Author / Uncategorized / Writing

A Dinner Date

Tonight I am entering a new phase of my provider experience. I have a 4 hour date with a very nice gentleman. We are starting with dinner and drinks and seeing where the night ends up. I’ve picked out a lovely dress, am getting my hair done, wearing gorgeous cream colored heels and a simple necklace to complete my look. What I am wearing underneath will be for his eyes only. šŸ˜‰ I’ve only had one other full date experience so far and it was a great time so I am confident this one will be as well.

I am learning so much about myself and others as I delve deeper into this world. I am very exclusive and limited with my time. No more than twice a week ever. I prefer to build relationships with my hobbyists and get to know them. Keeping things limited and exclusive gives me the chance to stay focused and available. I want anyone that takes the time to see me to feel as special as they are and know that my time and energies are devoted to them.

The men who hire me are intelligent, funny, sweet and caring. They are often involved in long term relationships where things have changed yet their basic needs have not. They know with me that they have nothing to worry about. I won’t call them, stalk them, or try to get them to alter their life for me. What I do instead is provide them with my attention and time, helping them live in a moment. I have had the pleasure of having fabulous conversations with engaging men that quite often have nothing to do with an adult nature.

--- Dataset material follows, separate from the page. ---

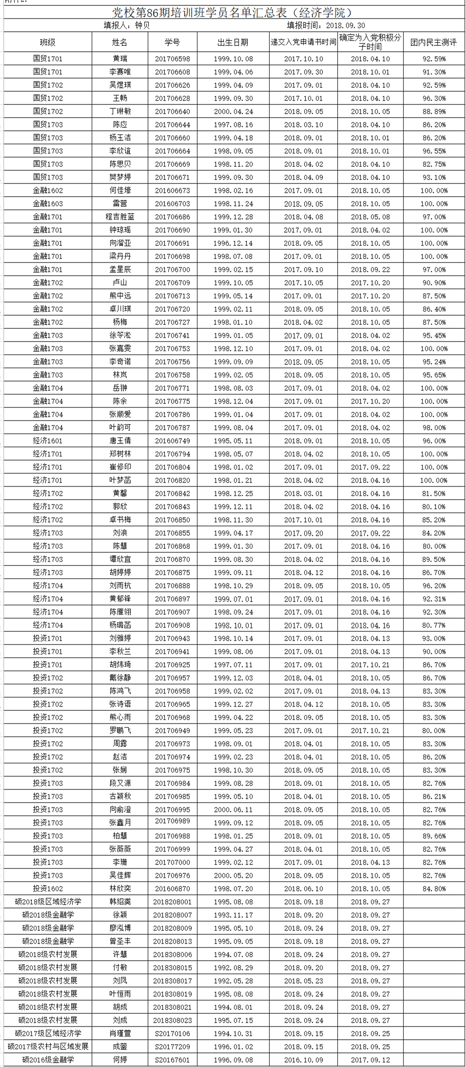 经学生团体联合会和各党支部推荐,团支部民主测评,学院党委办审核,现将党校第86期入党积极分子培训班拟推荐学员名单公示如下:

It is human instinct to want to pair up. To want to desire and be desired. To want to listen and be heard. We all need this in our lives no matter how busy we get. There are things that money, success, titles, things cannot replace. A human touch, a kiss, a hug. It is far more priceless and precious than can be quantified or explained.

When I started this journey a few months ago, I have to admit I was scared. What if men found my unattractive and didn’t call? What if I couldn’t hold my own or make them happy? What if I disappointed them and left them feeling let down? What if I lost myself in the process and started to feel bad or believe the lies that society tries to feed us about this industry?

My own self-doubt crept up and bit me filling me with worry. After the first session, however, I started to push my doubts aside. I stopped think of all the “what if’s” and started focusing on the moment at hand, the person I was with. In the course of it, if anything, my confidence has grown. I am finding that I am offering something valuable that has little to do with my body and more to do with who I am as a woman.

While the majority of my interactions have not been in the full on dating realm, I try to ensure that every experience is unique and memorable and that no one ever ends an evening with me feeling like they weren’t paid attention to or cared for.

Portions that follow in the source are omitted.